[Exercise objective] Produce a word-for-word copy of the data that follows, excluding images.

Records excerpted from a collection:
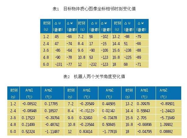 本實驗利用兩個時刻的像素誤差作為控制量,來驗證視覺伺服算法是否正確和上述系統(tǒng)是否實際可行。通過設置關節(jié)1、關節(jié)2的初始角度分別為0和0.2弧度,期望像素值u和w分別為200和110,實際像素u和w初始值分別為95和150,矩陣增益1和2分別為0.06和0.05,pmac卡采集時間設定為100ms,伺服周期設定為1.2s。下面兩表是根據(jù)以上設置進行實驗的一組數(shù)據(jù)。表1是物體質心圖像坐標兩相鄰時刻的變化值,表2是由程序計算出的機器人兩個關節(jié)角度變化值。
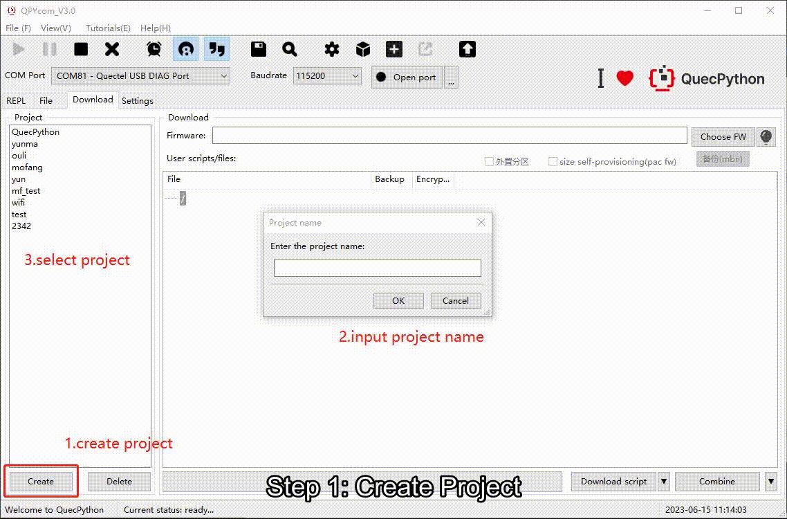首先确保模组连接正常并已开机,打开QPYcom工具进入下载页面,点击"创建"项目,新建要下载的固件项目,项目名称自定义,配置完成后持久化保存
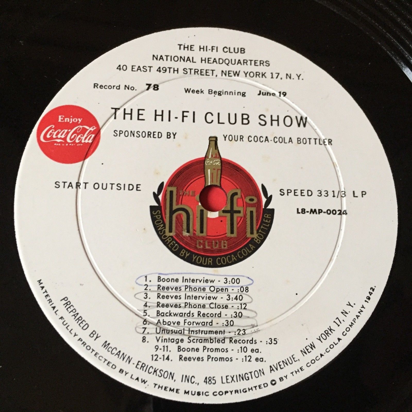 Coca Cola Hi-Fi Club ~ Rare DJ LP record - Record #78 & #79 - June 1960
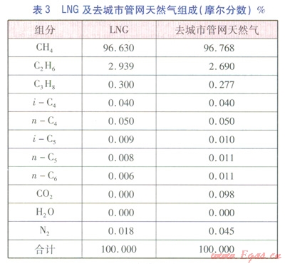 調(diào)試流程直至收斂,得到計(jì)算結(jié)果見(jiàn)表2,LNG及去城市管網(wǎng)天然氣組成見(jiàn)表3。
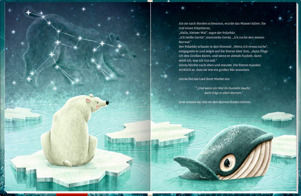 Und eines Tages ist es so weit. Gerda lässt sich von der Meeresströmung tragen. Auf ihrer Reise begegnen ihr Pinguine, Tintenfische, Möwen und Eisbären. Doch einen Platz für Gerda findet sich nicht. Trost auf ihrer Suche spendet ihr das Lied der Mutter. Entschlossen sucht Gerda weiter. Bis ihr die Orcas den Tipp geben, den weisen Narwal des Nordens zu fragen. Ob er ihr helfen kann, den Ort zu finden, wo sie glücklich sein kann?
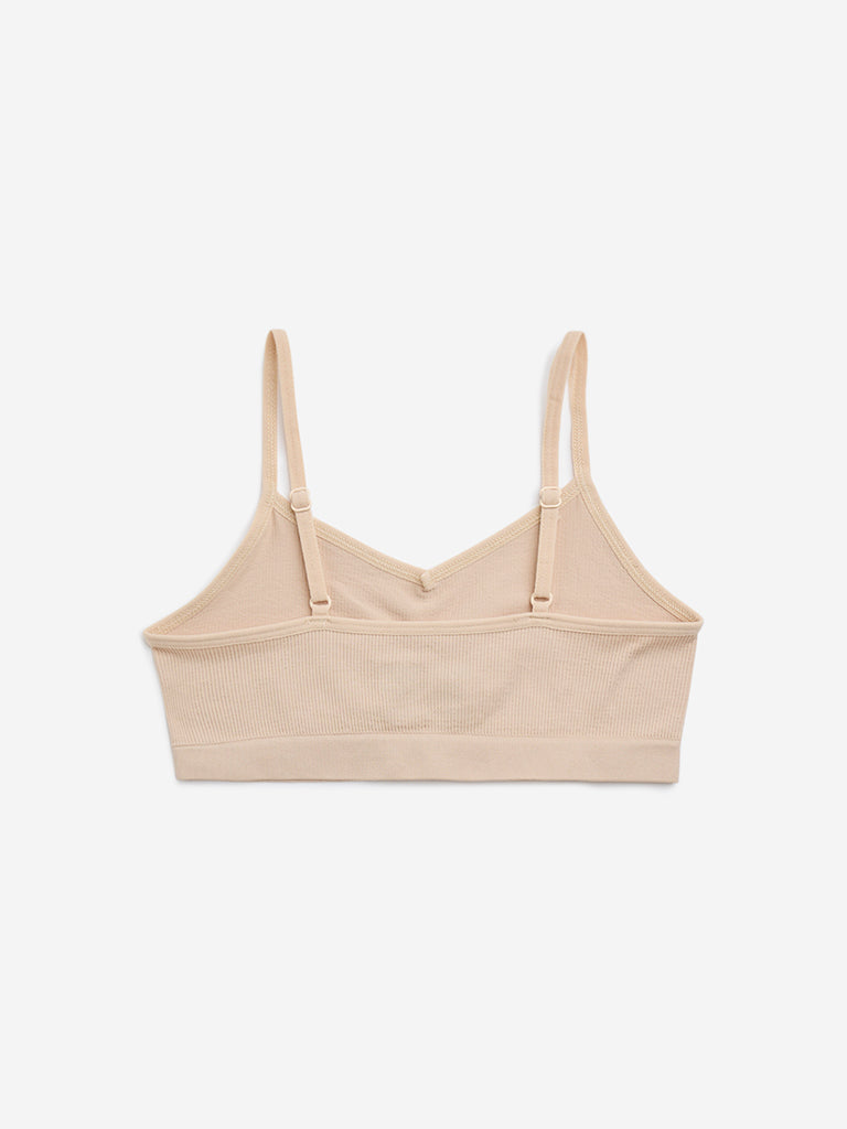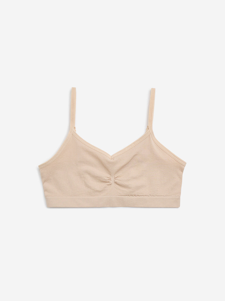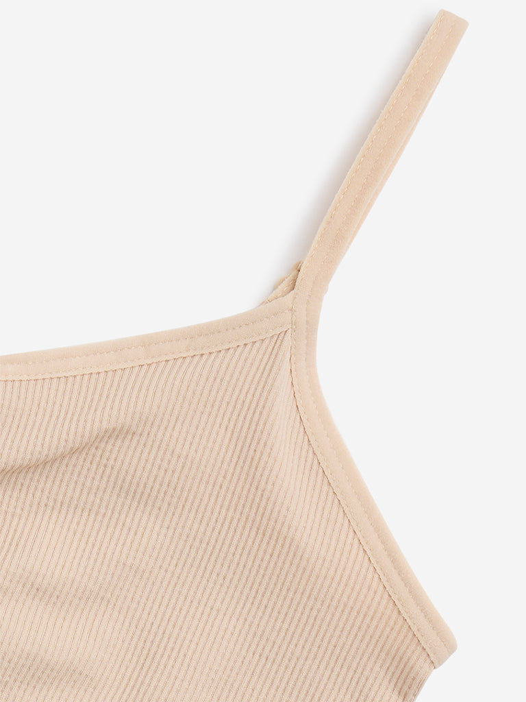 Y&F Kids launches this beige crop top in ribbed texture. Made with soft and stretchable fabric. it features slight ruched detailing. a V-neck. and a sleeveless cut. The elastic waistband ensures a secured fit.

[Task output]
 本實驗利用兩個時刻的像素誤差作為控制量,來驗證視覺伺服算法是否正確和上述系統(tǒng)是否實際可行。通過設置關節(jié)1、關節(jié)2的初始角度分別為0和0.2弧度,期望像素值u和w分別為200和110,實際像素u和w初始值分別為95和150,矩陣增益1和2分別為0.06和0.05,pmac卡采集時間設定為100ms,伺服周期設定為1.2s。下面兩表是根據(jù)以上設置進行實驗的一組數(shù)據(jù)。表1是物體質心圖像坐標兩相鄰時刻的變化值,表2是由程序計算出的機器人兩個關節(jié)角度變化值。
首先确保模组连接正常并已开机,打开QPYcom工具进入下载页面,点击"创建"项目,新建要下载的固件项目,项目名称自定义,配置完成后持久化保存
 Coca Cola Hi-Fi Club ~ Rare DJ LP record - Record #78 & #79 - June 1960
 調(diào)試流程直至收斂,得到計(jì)算結(jié)果見(jiàn)表2,LNG及去城市管網(wǎng)天然氣組成見(jiàn)表3。
 Und eines Tages ist es so weit. Gerda lässt sich von der Meeresströmung tragen. Auf ihrer Reise begegnen ihr Pinguine, Tintenfische, Möwen und Eisbären. Doch einen Platz für Gerda findet sich nicht. Trost auf ihrer Suche spendet ihr das Lied der Mutter. Entschlossen sucht Gerda weiter. Bis ihr die Orcas den Tipp geben, den weisen Narwal des Nordens zu fragen. Ob er ihr helfen kann, den Ort zu finden, wo sie glücklich sein kann?
 Y&F Kids launches this beige crop top in ribbed texture. Made with soft and stretchable fabric. it features slight ruched detailing. a V-neck. and a sleeveless cut. The elastic waistband ensures a secured fit.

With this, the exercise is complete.